Quoting Stevan Harnad <harnad_at_ECS.SOTON.AC.UK>:

> On Mon, 18 Sep 2006 l.hurtado_at_ED.AC.UK wrote:
>> Well, I'm all for empirically-based views in these matters. So, if
>> Oppenheim or others have actually soundly based studies showing what
>> Stevan and Oppenheim claim, then that's to be noted. I'll have to see
>> the stuff when it's published. In the meanwhile, a couple of further
>> questions:
> Many studies are already published. In fact many are cited in:
> Harnad, S., Carr, L., Brody, T. and Oppenheim, C. (2003) Mandated
> online RAE CVs Linked to University Eprint Archives. Ariadne 35.

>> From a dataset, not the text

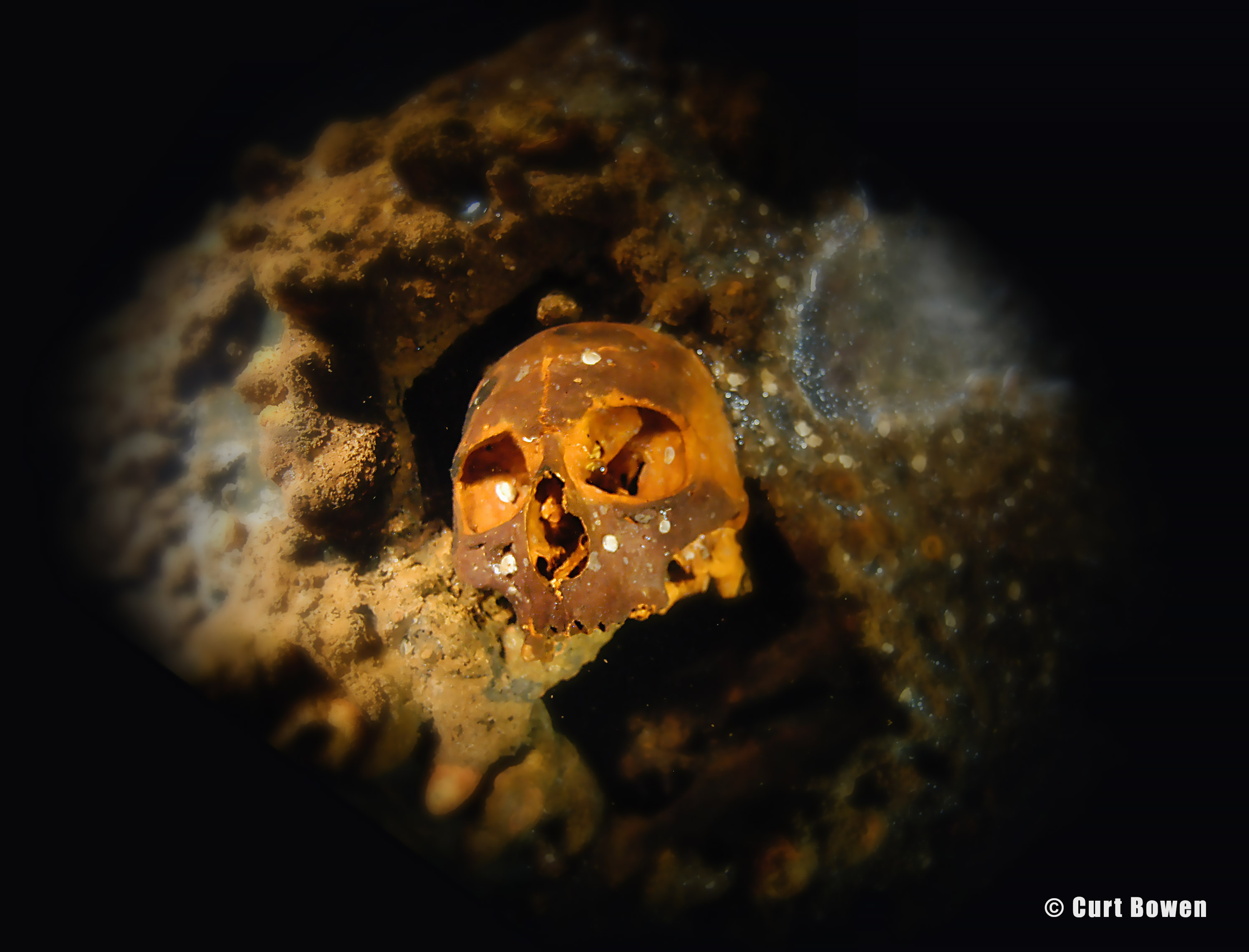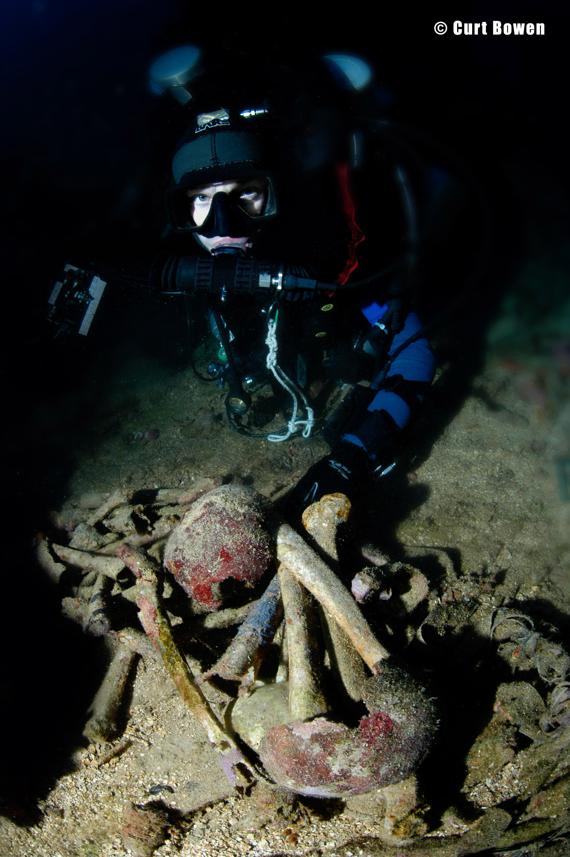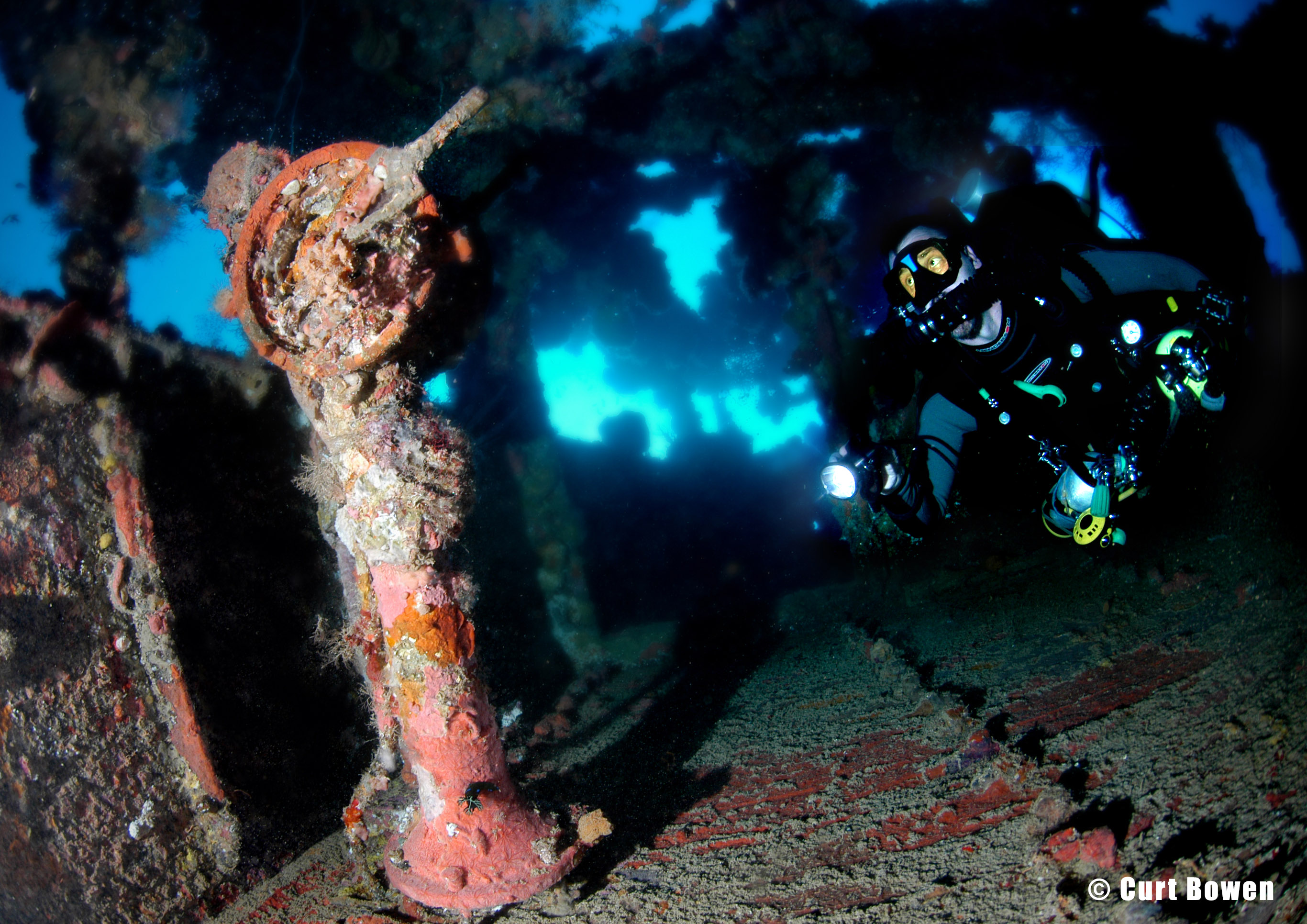 Above: CCR diver Ron Benson illuminates a large air

>> --Pardon me for being out of touch, perhaps, but more precisely what is
>> being measured? What does journal "citation counts" refer to?
> The total number of citations to the articles by submitted authors
> (and not just those
> for their 4 submitted articles!)
>> Citation of journal articles? Or citation of various things in journal
>> articles (and why privilege this medium?)? Or . . . what?
> Citation of the articles, but that usually means citing things in the
> articles!
> Journal articles are privileged in many disciplines because they are the
> main means of reporting research. In book-based disciplines the balance
> is otherwise, but the interesting thing is that even in book-based
> disciplines there is a journal article citation correlation with the RAE
> rankings. One would expect it to be somewhat weaker than in article-based
> disciplines, but more data are needed to be exact about this.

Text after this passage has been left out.